SUPPLIED DATA —
━━━━━━━━━━━━━━━━

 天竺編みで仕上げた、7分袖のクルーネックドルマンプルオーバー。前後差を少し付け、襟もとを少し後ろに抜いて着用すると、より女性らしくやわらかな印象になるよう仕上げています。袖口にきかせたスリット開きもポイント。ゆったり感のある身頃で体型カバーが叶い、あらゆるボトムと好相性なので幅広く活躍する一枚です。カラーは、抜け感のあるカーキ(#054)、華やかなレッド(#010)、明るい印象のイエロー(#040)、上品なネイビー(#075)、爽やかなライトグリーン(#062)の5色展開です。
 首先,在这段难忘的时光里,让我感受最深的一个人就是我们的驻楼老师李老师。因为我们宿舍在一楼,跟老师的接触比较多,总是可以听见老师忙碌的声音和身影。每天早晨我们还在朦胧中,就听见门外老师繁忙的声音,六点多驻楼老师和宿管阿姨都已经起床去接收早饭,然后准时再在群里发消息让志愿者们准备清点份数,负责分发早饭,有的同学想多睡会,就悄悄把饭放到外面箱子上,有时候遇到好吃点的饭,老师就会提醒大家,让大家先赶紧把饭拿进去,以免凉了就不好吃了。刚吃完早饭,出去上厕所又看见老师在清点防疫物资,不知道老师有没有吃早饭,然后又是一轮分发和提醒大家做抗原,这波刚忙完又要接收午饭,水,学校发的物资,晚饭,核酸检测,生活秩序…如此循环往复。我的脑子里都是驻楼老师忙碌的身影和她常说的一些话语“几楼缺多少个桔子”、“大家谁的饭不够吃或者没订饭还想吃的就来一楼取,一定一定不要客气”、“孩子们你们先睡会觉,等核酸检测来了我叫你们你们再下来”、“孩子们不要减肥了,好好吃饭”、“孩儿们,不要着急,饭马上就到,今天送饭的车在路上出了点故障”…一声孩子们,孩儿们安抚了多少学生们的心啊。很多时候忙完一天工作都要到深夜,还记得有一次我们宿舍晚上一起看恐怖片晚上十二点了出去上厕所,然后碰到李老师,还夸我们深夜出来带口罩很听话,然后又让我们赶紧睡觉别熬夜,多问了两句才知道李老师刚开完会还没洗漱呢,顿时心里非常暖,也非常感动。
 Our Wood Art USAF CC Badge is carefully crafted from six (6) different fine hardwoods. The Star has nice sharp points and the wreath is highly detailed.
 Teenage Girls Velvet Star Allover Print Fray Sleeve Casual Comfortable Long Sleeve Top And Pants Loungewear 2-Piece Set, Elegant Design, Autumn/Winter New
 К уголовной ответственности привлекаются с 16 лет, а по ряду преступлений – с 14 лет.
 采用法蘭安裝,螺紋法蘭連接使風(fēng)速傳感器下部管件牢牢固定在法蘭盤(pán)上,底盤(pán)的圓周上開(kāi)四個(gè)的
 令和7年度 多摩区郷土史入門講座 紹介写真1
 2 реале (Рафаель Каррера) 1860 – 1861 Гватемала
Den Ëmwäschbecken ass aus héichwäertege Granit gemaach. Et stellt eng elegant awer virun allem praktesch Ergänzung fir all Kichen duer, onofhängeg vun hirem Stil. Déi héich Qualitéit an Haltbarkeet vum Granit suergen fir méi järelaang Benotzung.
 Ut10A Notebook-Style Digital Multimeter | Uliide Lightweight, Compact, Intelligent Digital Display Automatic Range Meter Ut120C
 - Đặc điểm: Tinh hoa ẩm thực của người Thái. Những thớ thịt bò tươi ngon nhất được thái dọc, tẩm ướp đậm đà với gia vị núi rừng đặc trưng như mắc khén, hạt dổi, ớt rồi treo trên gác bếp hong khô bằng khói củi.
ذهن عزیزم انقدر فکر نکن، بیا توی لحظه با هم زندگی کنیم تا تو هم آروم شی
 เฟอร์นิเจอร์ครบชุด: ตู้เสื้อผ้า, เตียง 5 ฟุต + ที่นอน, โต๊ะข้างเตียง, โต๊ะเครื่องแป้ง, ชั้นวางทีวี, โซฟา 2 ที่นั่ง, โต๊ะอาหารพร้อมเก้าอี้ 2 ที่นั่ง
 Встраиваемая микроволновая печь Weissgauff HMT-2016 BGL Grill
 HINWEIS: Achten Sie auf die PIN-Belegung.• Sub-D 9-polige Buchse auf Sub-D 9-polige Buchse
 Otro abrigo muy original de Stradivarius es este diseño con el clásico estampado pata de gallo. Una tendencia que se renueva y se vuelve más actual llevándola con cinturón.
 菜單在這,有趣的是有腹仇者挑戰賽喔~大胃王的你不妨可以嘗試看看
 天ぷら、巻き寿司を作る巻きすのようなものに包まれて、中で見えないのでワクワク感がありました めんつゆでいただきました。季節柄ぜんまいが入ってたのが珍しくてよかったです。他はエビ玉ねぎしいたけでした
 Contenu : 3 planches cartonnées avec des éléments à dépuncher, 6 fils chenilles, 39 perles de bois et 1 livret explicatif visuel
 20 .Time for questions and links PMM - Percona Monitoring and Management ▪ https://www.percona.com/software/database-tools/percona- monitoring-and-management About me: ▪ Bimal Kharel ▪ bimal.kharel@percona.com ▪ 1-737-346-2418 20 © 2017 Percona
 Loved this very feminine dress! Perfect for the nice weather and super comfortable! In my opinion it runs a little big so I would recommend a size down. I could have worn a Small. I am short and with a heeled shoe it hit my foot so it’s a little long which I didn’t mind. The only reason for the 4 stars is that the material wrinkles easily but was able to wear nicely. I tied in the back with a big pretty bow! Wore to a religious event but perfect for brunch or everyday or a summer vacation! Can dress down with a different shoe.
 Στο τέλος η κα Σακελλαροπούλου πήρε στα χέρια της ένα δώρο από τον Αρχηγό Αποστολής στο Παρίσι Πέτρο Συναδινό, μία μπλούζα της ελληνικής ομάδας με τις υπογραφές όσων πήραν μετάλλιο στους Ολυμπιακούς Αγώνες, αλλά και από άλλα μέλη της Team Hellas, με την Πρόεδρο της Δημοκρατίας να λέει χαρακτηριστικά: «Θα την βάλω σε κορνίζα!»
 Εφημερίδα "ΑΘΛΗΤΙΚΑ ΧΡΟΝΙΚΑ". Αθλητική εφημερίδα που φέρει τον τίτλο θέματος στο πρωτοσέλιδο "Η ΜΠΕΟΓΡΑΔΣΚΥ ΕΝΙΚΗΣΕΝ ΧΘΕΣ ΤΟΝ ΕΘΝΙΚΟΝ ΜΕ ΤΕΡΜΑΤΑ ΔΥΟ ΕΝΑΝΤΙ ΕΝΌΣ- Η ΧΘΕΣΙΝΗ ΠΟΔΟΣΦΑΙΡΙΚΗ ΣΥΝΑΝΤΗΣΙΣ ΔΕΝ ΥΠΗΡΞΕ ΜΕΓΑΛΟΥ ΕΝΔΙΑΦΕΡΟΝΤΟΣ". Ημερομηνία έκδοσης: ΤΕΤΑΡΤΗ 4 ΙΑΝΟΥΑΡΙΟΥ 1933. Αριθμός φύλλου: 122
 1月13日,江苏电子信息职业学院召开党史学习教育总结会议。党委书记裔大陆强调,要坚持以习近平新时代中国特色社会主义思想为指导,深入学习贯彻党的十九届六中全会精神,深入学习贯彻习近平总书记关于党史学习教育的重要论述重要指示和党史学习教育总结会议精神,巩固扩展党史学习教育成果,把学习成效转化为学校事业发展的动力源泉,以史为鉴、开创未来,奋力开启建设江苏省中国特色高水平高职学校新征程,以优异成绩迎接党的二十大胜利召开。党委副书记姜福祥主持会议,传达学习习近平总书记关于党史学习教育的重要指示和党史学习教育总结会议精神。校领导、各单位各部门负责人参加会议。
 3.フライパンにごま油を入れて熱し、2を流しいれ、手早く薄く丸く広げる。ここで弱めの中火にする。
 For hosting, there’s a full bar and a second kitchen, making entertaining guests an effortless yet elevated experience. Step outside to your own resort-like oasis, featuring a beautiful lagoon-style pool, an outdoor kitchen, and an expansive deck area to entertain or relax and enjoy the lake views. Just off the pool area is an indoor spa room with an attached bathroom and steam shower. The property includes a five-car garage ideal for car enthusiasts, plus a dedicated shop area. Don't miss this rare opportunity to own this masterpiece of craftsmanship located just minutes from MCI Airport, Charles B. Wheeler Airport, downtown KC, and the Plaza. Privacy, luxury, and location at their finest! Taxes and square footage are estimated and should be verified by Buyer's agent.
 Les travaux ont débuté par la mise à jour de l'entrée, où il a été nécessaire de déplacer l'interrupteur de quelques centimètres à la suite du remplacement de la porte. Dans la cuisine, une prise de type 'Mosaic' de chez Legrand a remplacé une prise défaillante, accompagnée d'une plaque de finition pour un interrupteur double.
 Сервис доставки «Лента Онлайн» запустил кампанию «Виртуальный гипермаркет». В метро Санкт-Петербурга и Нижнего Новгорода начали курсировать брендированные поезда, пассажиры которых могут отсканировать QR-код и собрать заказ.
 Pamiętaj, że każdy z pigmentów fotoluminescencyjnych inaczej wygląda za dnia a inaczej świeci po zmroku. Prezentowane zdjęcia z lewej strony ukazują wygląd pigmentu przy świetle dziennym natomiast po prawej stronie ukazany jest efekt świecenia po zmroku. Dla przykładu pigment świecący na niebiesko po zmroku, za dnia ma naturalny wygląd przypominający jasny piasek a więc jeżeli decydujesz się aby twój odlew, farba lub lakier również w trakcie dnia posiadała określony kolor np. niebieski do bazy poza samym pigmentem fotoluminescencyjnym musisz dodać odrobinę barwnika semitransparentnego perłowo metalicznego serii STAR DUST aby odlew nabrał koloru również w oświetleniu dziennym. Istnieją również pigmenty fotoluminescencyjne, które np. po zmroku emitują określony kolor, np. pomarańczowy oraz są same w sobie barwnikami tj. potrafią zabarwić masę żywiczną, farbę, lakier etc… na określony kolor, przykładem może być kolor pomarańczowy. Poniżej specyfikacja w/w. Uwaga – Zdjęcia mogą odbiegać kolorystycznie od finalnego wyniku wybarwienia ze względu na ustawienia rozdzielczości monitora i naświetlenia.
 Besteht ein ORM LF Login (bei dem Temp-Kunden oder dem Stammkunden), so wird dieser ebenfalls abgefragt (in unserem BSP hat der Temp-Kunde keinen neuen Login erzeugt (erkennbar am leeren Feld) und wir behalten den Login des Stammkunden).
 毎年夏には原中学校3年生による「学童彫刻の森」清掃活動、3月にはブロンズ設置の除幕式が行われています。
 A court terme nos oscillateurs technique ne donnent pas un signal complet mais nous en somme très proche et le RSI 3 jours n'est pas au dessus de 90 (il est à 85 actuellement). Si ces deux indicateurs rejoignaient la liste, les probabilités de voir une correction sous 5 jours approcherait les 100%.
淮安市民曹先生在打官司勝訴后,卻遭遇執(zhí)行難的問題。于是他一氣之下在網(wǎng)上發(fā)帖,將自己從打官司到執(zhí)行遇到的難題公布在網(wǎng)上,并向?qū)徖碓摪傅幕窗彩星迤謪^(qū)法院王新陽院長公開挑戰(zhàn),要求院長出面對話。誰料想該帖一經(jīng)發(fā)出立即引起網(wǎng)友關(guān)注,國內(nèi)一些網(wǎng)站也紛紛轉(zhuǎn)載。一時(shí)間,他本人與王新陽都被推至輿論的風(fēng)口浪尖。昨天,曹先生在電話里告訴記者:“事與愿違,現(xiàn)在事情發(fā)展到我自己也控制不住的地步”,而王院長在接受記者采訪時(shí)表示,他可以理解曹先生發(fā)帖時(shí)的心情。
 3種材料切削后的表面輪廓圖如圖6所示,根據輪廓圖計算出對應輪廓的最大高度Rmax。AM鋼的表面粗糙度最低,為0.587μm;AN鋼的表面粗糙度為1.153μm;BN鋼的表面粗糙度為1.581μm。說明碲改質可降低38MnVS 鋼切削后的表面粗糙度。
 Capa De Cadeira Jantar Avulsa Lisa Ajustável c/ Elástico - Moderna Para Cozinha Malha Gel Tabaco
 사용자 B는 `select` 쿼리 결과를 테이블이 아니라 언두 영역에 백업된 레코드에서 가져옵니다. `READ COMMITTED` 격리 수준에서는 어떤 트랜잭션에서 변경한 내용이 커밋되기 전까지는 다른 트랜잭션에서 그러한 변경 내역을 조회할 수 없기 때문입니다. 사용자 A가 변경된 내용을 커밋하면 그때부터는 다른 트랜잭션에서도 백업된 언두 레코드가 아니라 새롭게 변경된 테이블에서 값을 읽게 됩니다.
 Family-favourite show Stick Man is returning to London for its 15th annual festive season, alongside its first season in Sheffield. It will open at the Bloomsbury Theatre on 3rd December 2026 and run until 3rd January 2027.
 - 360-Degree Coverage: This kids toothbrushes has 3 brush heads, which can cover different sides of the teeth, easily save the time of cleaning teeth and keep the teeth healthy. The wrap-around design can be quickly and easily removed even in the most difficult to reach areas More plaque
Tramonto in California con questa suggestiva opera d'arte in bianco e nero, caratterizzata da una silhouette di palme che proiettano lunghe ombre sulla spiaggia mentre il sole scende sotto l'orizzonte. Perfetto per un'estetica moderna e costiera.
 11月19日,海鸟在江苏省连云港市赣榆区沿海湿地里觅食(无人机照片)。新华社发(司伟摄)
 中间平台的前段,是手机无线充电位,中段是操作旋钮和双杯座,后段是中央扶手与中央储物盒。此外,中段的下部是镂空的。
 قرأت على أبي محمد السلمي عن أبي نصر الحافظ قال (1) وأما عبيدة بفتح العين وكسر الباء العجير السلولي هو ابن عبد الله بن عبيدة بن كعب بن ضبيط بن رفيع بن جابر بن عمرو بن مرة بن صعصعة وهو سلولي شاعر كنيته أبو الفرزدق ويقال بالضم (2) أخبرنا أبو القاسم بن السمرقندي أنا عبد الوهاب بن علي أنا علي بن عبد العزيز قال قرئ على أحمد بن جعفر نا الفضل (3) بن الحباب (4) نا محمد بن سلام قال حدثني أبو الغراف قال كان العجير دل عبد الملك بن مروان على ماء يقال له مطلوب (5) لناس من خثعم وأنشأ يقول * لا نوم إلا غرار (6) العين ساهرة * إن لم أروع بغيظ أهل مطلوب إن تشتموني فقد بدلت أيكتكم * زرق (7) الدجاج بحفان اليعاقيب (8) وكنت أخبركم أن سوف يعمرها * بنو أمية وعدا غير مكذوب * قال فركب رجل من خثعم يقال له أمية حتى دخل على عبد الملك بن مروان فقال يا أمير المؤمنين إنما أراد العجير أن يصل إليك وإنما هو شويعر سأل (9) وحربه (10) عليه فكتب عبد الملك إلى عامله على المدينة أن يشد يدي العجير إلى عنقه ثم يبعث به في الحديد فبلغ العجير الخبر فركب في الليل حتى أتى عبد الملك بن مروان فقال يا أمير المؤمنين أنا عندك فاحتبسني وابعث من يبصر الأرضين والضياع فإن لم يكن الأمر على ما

━━━━━━━━━━━━━━━━

Up to and including the line with "- Đặc điểm: Tinh", please return the records exactly, beginning from their first line.

 天竺編みで仕上げた、7分袖のクルーネックドルマンプルオーバー。前後差を少し付け、襟もとを少し後ろに抜いて着用すると、より女性らしくやわらかな印象になるよう仕上げています。袖口にきかせたスリット開きもポイント。ゆったり感のある身頃で体型カバーが叶い、あらゆるボトムと好相性なので幅広く活躍する一枚です。カラーは、抜け感のあるカーキ(#054)、華やかなレッド(#010)、明るい印象のイエロー(#040)、上品なネイビー(#075)、爽やかなライトグリーン(#062)の5色展開です。
 首先,在这段难忘的时光里,让我感受最深的一个人就是我们的驻楼老师李老师。因为我们宿舍在一楼,跟老师的接触比较多,总是可以听见老师忙碌的声音和身影。每天早晨我们还在朦胧中,就听见门外老师繁忙的声音,六点多驻楼老师和宿管阿姨都已经起床去接收早饭,然后准时再在群里发消息让志愿者们准备清点份数,负责分发早饭,有的同学想多睡会,就悄悄把饭放到外面箱子上,有时候遇到好吃点的饭,老师就会提醒大家,让大家先赶紧把饭拿进去,以免凉了就不好吃了。刚吃完早饭,出去上厕所又看见老师在清点防疫物资,不知道老师有没有吃早饭,然后又是一轮分发和提醒大家做抗原,这波刚忙完又要接收午饭,水,学校发的物资,晚饭,核酸检测,生活秩序…如此循环往复。我的脑子里都是驻楼老师忙碌的身影和她常说的一些话语“几楼缺多少个桔子”、“大家谁的饭不够吃或者没订饭还想吃的就来一楼取,一定一定不要客气”、“孩子们你们先睡会觉,等核酸检测来了我叫你们你们再下来”、“孩子们不要减肥了,好好吃饭”、“孩儿们,不要着急,饭马上就到,今天送饭的车在路上出了点故障”…一声孩子们,孩儿们安抚了多少学生们的心啊。很多时候忙完一天工作都要到深夜,还记得有一次我们宿舍晚上一起看恐怖片晚上十二点了出去上厕所,然后碰到李老师,还夸我们深夜出来带口罩很听话,然后又让我们赶紧睡觉别熬夜,多问了两句才知道李老师刚开完会还没洗漱呢,顿时心里非常暖,也非常感动。
 Our Wood Art USAF CC Badge is carefully crafted from six (6) different fine hardwoods. The Star has nice sharp points and the wreath is highly detailed.
 Teenage Girls Velvet Star Allover Print Fray Sleeve Casual Comfortable Long Sleeve Top And Pants Loungewear 2-Piece Set, Elegant Design, Autumn/Winter New
 К уголовной ответственности привлекаются с 16 лет, а по ряду преступлений – с 14 лет.
 采用法蘭安裝,螺紋法蘭連接使風(fēng)速傳感器下部管件牢牢固定在法蘭盤(pán)上,底盤(pán)的圓周上開(kāi)四個(gè)的
 令和7年度 多摩区郷土史入門講座 紹介写真1
 2 реале (Рафаель Каррера) 1860 – 1861 Гватемала
Den Ëmwäschbecken ass aus héichwäertege Granit gemaach. Et stellt eng elegant awer virun allem praktesch Ergänzung fir all Kichen duer, onofhängeg vun hirem Stil. Déi héich Qualitéit an Haltbarkeet vum Granit suergen fir méi järelaang Benotzung.
 Ut10A Notebook-Style Digital Multimeter | Uliide Lightweight, Compact, Intelligent Digital Display Automatic Range Meter Ut120C
 - Đặc điểm: Tinh hoa ẩm thực của người Thái. Những thớ thịt bò tươi ngon nhất được thái dọc, tẩm ướp đậm đà với gia vị núi rừng đặc trưng như mắc khén, hạt dổi, ớt rồi treo trên gác bếp hong khô bằng khói củi.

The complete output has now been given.